My speciality du jour is building, deploying apps written in Go and Python and handling AWS, Kubernetes, OpenTelemetry or Prometheus metrics
for an end to end system such as for Generative AI (Large Language Models) applications.
While I am solely responsible for all this crap- I mean, content- I do have to thank Grok and Claude for helping make the
conversion fast and mostly painless.
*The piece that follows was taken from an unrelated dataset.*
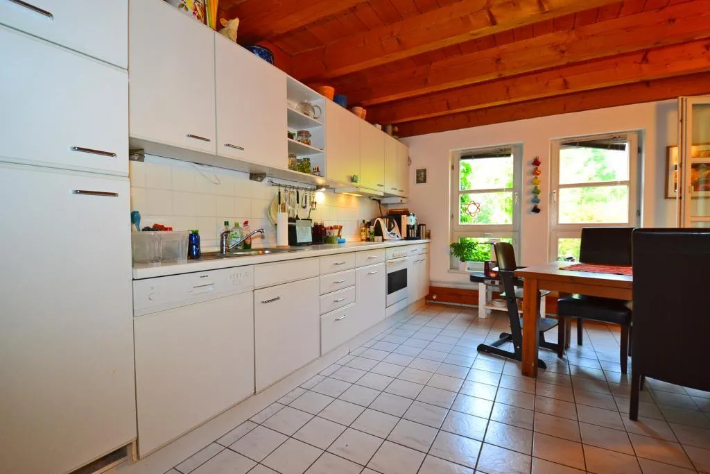 Die Küche ist mit einem Außenabzug sowie mit einer älteren Einbauküche ohne Kühl-/Gefrierschrank ausgestattet. Die Einbauküche wird zur kostenlosen Nutzung überlassen. Bei Bedarf kann die Einbauküche auf eigene Kosten ausgewechselt werden.
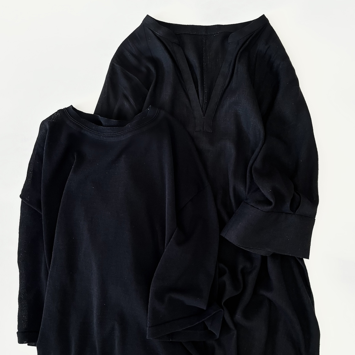 まずは、どちらも黒。ひとつは五分そでのクルーネックニットで、ひとつはラグランスリーブのロングワンピースなのですが、基本的にシンプルで、手持ちのワードローブから大きくかけ離れることはありません。いやむしろ「すでにもっているのでは……」という疑問すらわきます(セールあるある)。ただし、一見ベーシックではあるものの、どちらも気の利いたデザインになっていて、それが購入を決めた理由でした。

Also, thanks to my friends and family for supporting me and my wife.
The Icons :shipit:#
The site runs on Python 3.10 with the Pelican 4.8.0 microblog software and my custom Python Markdown 3.4.1 extension
for the Github Emojis. These are just the publicly available emojis which you can see around the pages. I find that
there are some really, really cool ones and thus without further ado.
Actually, this is no longer true. This is now a Go Hugo site. Which is why you don’t see most emojis yet.
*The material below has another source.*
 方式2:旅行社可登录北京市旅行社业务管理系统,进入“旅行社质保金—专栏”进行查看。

At some point I will figure out what/how to get sweet Github Emojis or a better alternative going.
For now, we have Hugo’s emojis which are not bad.
The code is deployed based on Git ops. In other words, the Python code which generates html, is pushed to a main branch
integrated with Ci/Cd service Netlify
I use Jetbrains Pycharm, so this is done either by typing git push in the Terminal or Cmd-K in the IDE window. I
highly recommend it.
Other options considered for deployment were Google App Engine, Render and a VM on Digital
Ocean or a free Oracle VM.
We settled on Netlify because it works very nicely, can scale to a fullblown app with CDN and content managment and
more imporantly Netlify had Python 3.10 compatible images at the time.
This is a static HTML with some Javascript and a Pelican template. So, there is only one contributor, no
merging, PRs and other differences with a production distributed microservice or hybrid service
architecture. Netlify has a nice build image for Python and static sites. This is not a static site generator
like Jekyll or Hugo, but rather a microblog.
Again, the above is not true. This is a Go Hugo static microblog which is published via Github Actions to a Github Pages.
The conversion was done with the help of Grok to provide some handy Python scripts.
The Future 🔮#
I plan to add more content, add Github emojis back in using the proper Go templating.
I also plan to migrate to Hugo or another
static site generator.
Actually, this migration is done. This is now a Go Hugo site. Did I mention that?
The Links 🔗#
Here are some useful links:
A comprehensive Go microservice that fetches, consolidates, and analyzes hotel data from multiple sources. Features multi-source data aggregation, review crawling, and LLM-powered recommendation analysis.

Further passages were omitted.